Careers attending tables in top restaurants could be the next catering craze to really start cooking. Marian Pallister serves up the reasons why

IT IS quite understandable that a young man in search of a fortune should look to Gary Rhodes or Nick Nairn as his role model. Knowing 20 ways to cook a wild mushroom can get you on the telly, and with a bit of hair gel and a flamboyant way with a bottle of extra virgin olive oil you are well on the way to having women queue to ask you to pen your autograph on their aubergines.

Equally - and there is a definite trend towards equality even in the restaurant kitchen - for a young woman with a career in catering in mind to mould herself on the sainted Delia Smith could obviously bring her powers beyond the wildest dreams of Baroness Thatcher. When Smith says poach a prune with your pork, the nation poaches and is gratefully regular as a happy by-product.

There are, however, no role models in the world of waiting, unless you count generations of Punch cartoons of the ``waiter there's a fly in my soup'' variety, and Manuel, who achieved martyrdom in Fawlty Towers.

In Britain, waiters are a joke, not a profession. We wait on tables in our summer holidays from school and college, and dine out for years on the anecdotes about the disgusting things we did to people's food in re-venge for diners behaving like our masters rather than our mates.

Actors wait when they are ``resting''. Struggling writers do it ostensibly to garner material about the human condition for their great works, but in reality to keep the wolf from the door. In short, everybody does it except the people who have an HNC in waiting.

The trouble is, too few people actually have an HNC, which encompasses the finer arts of the service side of the catering industry. Being a chef is sexy. Being a waiter is not. In England, this has reached crisis point and in June 250 representatives of the industry met to discuss the reason for catering colleges suffering a shortage of students wanting to learn the basics of waiting on table, serving behind the bar or managing the business. In Scotland, while they are not exactly searching the highways and byways for students, the attitude is the same.

Stephen Smith, a former chef at One Devonshire Gardens and Rogano in Glasgow and now head of school at the John Wheatley College catering department, says 85% of its students opt for food production. ``Perhaps waiting doesn't sound like a profession,'' Smith says, and goes on to bemoan the fact that students from Malaga, with whom his students recently did an exchange, are far more orientated to the food service side of the industry and view waiting in true European fashion as a position of great standing.

Smith can remember, however, when being a chef in this country was no great shakes. so perhaps there is hope yet for the person who aspires to selling and presenting food to discerning diners - the aspects of the job which the professionals stress but to which amateurs are blind in their conviction that waiting is nothing more than an ability to carry six dirty plates up the length of your arm without landing leftover raspberry coulis down the back of a pure silk blouse.

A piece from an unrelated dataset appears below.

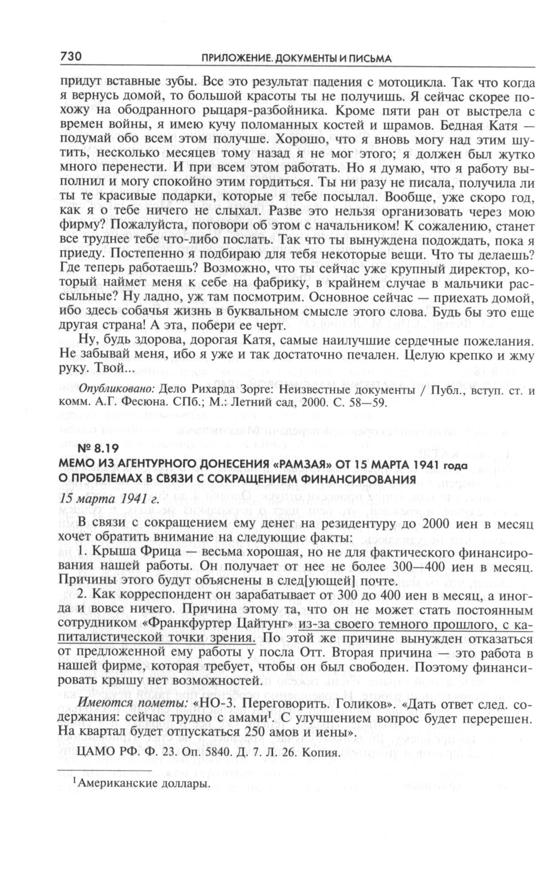 Мемо из агентурного донесения «Рамзая» от 15 марта 1941 года о проблемах в связи с сокращением финансирования. 15 марта 1941 г.

Smith says: ``Our two-year courses are split 50-50, half food service, half production. They go out of here with a Scotvec National Certificate. They learn bar service, silver service, wines and spirits, food production, food safety and hygiene, and so on.'' His own training was a different kettle of wild salmon in aspic. It was one of the last real apprenticeships offered by British Transport Hotels, a four-year mara-thon at the Central Hotel in Glasgow of silver service and flambeed steaks with day-release college input one day a week. A college course may be the next best thing, he says, ``but no-one can deny it was the way to go'', says Smith. ``You were better finished at the end of it.''

Gordon Yuill, general manager at Rogano, in Royal Exchange Place, Glasgow, believes he knows the reason why. ``There is still the stigma of it being a subservient job.''

His own staff, he says, are brilliant, because places of quality attract quality. But there is no getting away from the fact that while in the States waiting is looked on as a real profession and a real earner - ``They are paid commission while here waiters rely on tips'', Yuill explains - and in France people go to hotel school and come out with some status in society, there just is not the right attitude to the job in Britain.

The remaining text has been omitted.